Sometimes it is difficult to know whether what you are thinking
and writing is a thought-provoking philosophical accounting, or simply a crazed
intuition transformed into rant-gone-wild. In this respect, sometimes
philosophers are like crazed Dutch hairdressers (or at least the one that I
know). This might be one of those equivocal times for all of us, for me the
author as well as for you the reader.
It also
comes to mind that this reflection might be destined primarily for American
readers; so if you are among those who find this ‘thought-provoking
philosophical accounting’ cum
‘rant-gone-wild’ to be only of marginal interest, chances are good that you are
a European who has government-organized and sponsored health care. Freedom, in
the American sense of the term, does not concern such as you.
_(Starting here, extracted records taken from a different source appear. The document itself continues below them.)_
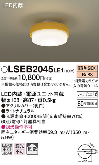 PANASONIC ¥Ñ¥Ê¥½¥Ë¥Ã¥¯ ¥·¡¼¥ê¥ó¥°¥é¥¤¥È LSEB2045LE1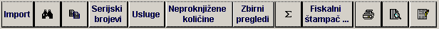 - je komandno dugme koje omogućava da se popišu serijski brojevi artikala koji se prodaju. Ova funkcionalnost je omogućena samo za artikle koji su označeni da se vode po serijskim brojevima. Pritiskom na ovo komandno dugme otvara se sledeći ekranski formular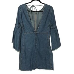We the Free Womens Reckless Life Denim Long Sleeve Open Back Dress 6 Western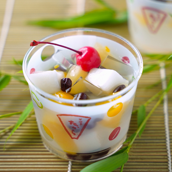 シロップ漬けにした国産青梅を一粒まるごと桃山生地で包みました。黄味あんの柔らかな味と、青梅の爽やかさが口の中に広がります。

‘Freedom’ is the most abstract of concepts, even in moments
of extreme philosophical lucidity. The Greek philosophers, for example, did not
make the philosophical case for freedom… (Elevtheria!!!! I can still hear the
cynical battle cry of one of my former racquetball partners ringing in my ears…
he taught romantic literature, of course, in addition to beating me on the r-b court!);
because Greeks of the ancient sort did not believe themselves to be free.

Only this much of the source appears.